RTP --- Real-time Transport Protocol
For the future Integrated Services Internet will provide means to transmit real-time multimedia data across networks. RSVP, RTP, RTCP and RTSP are the foundation of real-time services. RTP is the transport protocol for real-time data. It provides timestamp, sequence number and other means to handle the timing issues in real-time data transport. It relies on RVSP for resource reservation to provide quality of service.
Real-time transport protocol (RTP) is an IP-based protocol providing support for the transport of real-time data such as video and audio streams. The services provided by RTP include time reconstruction, loss detection, security and content identification. RTP is primarily designed for multicast of real-time data, but it can be also used in unicast. It can be used for one-way transport such as video-on-demand as well as interactive services such as Internet telephony.

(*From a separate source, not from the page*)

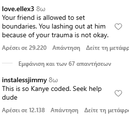 «Έχεις μεγαλώσει, Justin. Σε παρακαλώ θεραπεύσου, κανείς δεν ΠΡΕΠΕΙ να αντιμετωπίζει τα τραύματα και τον θυμό σου. ΕΣΥ πρέπει να το κάνεις για τον εαυτό σου, ώστε να μην πληγώνεις τους ανθρώπους γύρω σου που θέλουν το καλό σου», «Ένα τραυματισμένο άτομο πρέπει να αναγνωρίσει το τραύμα του και να προχωρήσει σε θεραπεία», είναι μερικά από τα σχόλια των χρηστών κάτω από την ανάρτηση του τραγουδιστή, ενώ ένας άλλος κάνει μια σύγκριση, η οποία είναι εμφανώς εύστοχη.

RTP is designed to work in conjunction with the auxiliary control protocol RTCP to get feedback on quality of data transmission and information about participants in the on-going session.
Attempts to send voice over networks began in early 70's. Several patents on packet transmission of speech, time stamp and sequence numbering were granted in 70's and 80's. In 1991, a series of voice experiments were completed on DARTnet. In August 1991, the Network Research Group of Lawrence Berkeley National Laboratory released an audio conference tool vat for DARTnet use. The protocol used was referred later as RTP version 0.
In December 1992 Henning Schulzrinne, GMD Berlin, published RTP version 1. It went through several states of Internet Drafts and was finally approved as an Proposed Standard on November 22, 1995 by the IEFT/IESG. This version was called RTP version 2 and was published as
- RFC 1889, RTP: A Transport Protocol for Real-Time Applications
- RFC 1890, RTP Profile for Audio and Video Conferences with Minimal Control
On January 31, 1996, Netscape announced "Netscape LiveMedia" based on RTP and other standards. Microsoft claims that their NetMeeting Conferencing Software supports RTP. The latest extensions have been made by an industry alliance around Netscape Inc., who uses RTP as the basis of the Real Time Streaming Protocol RTSP.
- RFC References
- RFC 4103, RTP Payload Format for Text Conversation
- RFC 3984, RTP Payload Format for H.264 Video
- RFC 3640, RTP Payload Format for Transport of MPEG-4 Elementary Streams
- RFC 3267, Real-Time Transport Protocol (RTP) Payload Format and File Storage for the Adaptive Multi-Rate (AMR) and Adaptive Multi-Rate Wideband (AMR-WB) Audio Codec
- RFC 3016, RTP Payload Format for MPEG-4 Audio/Visual Streams
- RFC 3551, Standard 65, RTP Profile for Audio and Video Conferences with Minimal Control
- RFC 3550, Standard 64, RTP: A Transport Protocol for Real-Time Applications
- RFC 2250, Proposed Standard, RTP Payload Format for MPEG1/MPEG2 Video
- How does RTP Work
As discussed in the first section, Internt is a shared datagram network. Packets sent on the Internet have unpredictable delay and jitter. But multimedia applications require appropriate timing in data transmission and playing back. RTP provides time stamping, sequence numbering, and other mechanisms to take care of the timing issues. Through these mechanisms, RTP provides end-to-end transport for real-time data over datagram network.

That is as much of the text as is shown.